Kubin Minna E, Hägg Päivi M, Kokkonen Nina, Väyrynen Juha P, Haapasaari Kirsi-Maria, Moilanen Jyri, Kallioinen Matti, Hurskainen Tiina, Tasanen Kaisa
PEDEGO Research Center, Oulu Center for Cell-Matrix Research, Department of Dermatology and Medical Research Center Oulu, Oulu University Hospital and University of Oulu, FIN-90220, Oulu, Finland.
Department of Pathology and Medical Research Center Oulu, Oulu University Hospital and University of Oulu, FIN-90220, Oulu, Finland.
Eur J Dermatol. 2016 Jan-Feb;26(1):21-7. doi: 10.1684/ejd.2015.2691.
Glucocorticoids (GC) are the most commonly used anti-inflammatory drugs in dermatology. The actions of GCs are mediated by the glucocorticoid receptor (GR). Alternative splicing of GR mRNA gives rise to different isoforms, GRα and GRβ being the most important. GRβ antagonizes the activity of GRα and its up-regulation has been associated with glucocorticoid insensitivity in several non-cutaneous inflammatory diseases.
Using immunohistochemical stainings, we analyzed the expression of GRα and GRβ in lesional skin samples of patients with atopic dermatitis, lichen ruber planus, eczema nummulare and lichen simplex chronicus. We also conducted a study of 13 severe atopic patients to investigate the effect of prednisolone treatment on the expression of GR isoforms using quantitative PCR, western blot and immunohistochemical analysis.

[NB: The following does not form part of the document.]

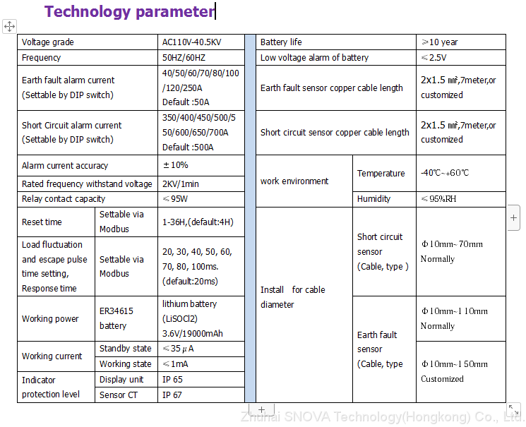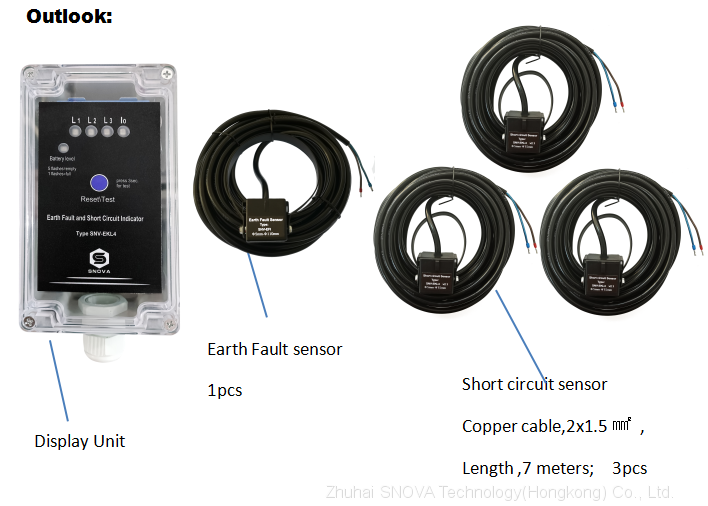 SNV-EKL4 v2.1, Earth fault and short circuit indicator, it Widely used in various ring cabinets, high/ Medium or low -voltage switch gear and cable branch box in power system, can accurately and reliably detect the fault section and fault type of power grid in the Low/medium voltage network. The use of cable type grounding fault and short circuit indicator is an efficient way to check cable fault, and is an effective way to improve the operation level of distribution network and the efficiency of fault handling. The design uses electromagnetic induction, and single chip microcomputer control technology to make fault alarm with high accuracy and strong anti-interference ability.

GRα and GRβ were expressed in atopic dermatitis, lichen ruber planus, eczema nummulare and lichen simplex chronicus. Our novel finding was that GRβ is abundant in keratinocytes and cutaneous neutrophils. Nuclear staining of both GRα and GRβ was strongest in keratinocytes of patients with lichen ruber planus, whereas the least nuclear positivity was detected in keratinocytes of patients with atopic dermatitis. In severe atopic dermatitis GRα and GRβ were expressed in both peripheral blood mononuclear cells and the skin. The expression of GRα and GRβ varied during prednisolone therapy but the changes were not related to treatment response or GC insensitivity.
GRα and GRβ are expressed in inflammatory dermatoses. In severe atopic dermatitis the increased expression of GRβ mRNA is not connected to insensitivity against prednisolone treatment.

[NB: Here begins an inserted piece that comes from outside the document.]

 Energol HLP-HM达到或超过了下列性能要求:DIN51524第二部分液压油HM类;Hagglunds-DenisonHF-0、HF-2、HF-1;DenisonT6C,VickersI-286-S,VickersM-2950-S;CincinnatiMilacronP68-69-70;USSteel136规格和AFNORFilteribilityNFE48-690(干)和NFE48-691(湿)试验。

糖皮质激素(GC)是皮肤科最常用的抗炎药物。GC的作用由糖皮质激素受体(GR)介导。GR mRNA的可变剪接产生不同的异构体,其中GRα和GRβ最为重要。GRβ拮抗GRα的活性,在几种非皮肤炎症性疾病中,其上调与糖皮质激素不敏感有关。
我们采用免疫组织化学染色法,分析了特应性皮炎、扁平苔藓、钱币状湿疹和慢性单纯性苔藓患者皮损样本中GRα和GRβ的表达。我们还对13例重度特应性患者进行了研究,采用定量PCR、western印迹和免疫组织化学分析,探讨泼尼松龙治疗对GR异构体表达的影响。

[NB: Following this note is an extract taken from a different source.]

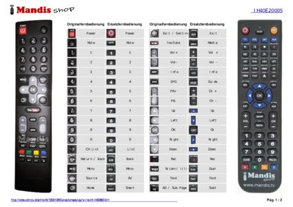 Ein Dokument ist enthalten, um die Verwendung der neuen Fernbedienung zu erleichtern, indem es die Tastenbelegung zeigt.

GRα和GRβ在特应性皮炎、扁平苔藓、钱币状湿疹和慢性单纯性苔藓中均有表达。我们的新发现是,GRβ在角质形成细胞和皮肤中性粒细胞中含量丰富。在扁平苔藓患者的角质形成细胞中,GRα和GRβ的核染色最强,而在特应性皮炎患者的角质形成细胞中,核阳性最少。在重度特应性皮炎中,GRα和GRβ在外周血单个核细胞和皮肤中均有表达。在泼尼松龙治疗期间,GRα和GRβ的表达有所变化,但这些变化与治疗反应或GC不敏感无关。
GRα和GRβ在炎症性皮肤病中表达。在重度特应性皮炎中,GRβ mRNA表达增加与对泼尼松龙治疗不敏感无关。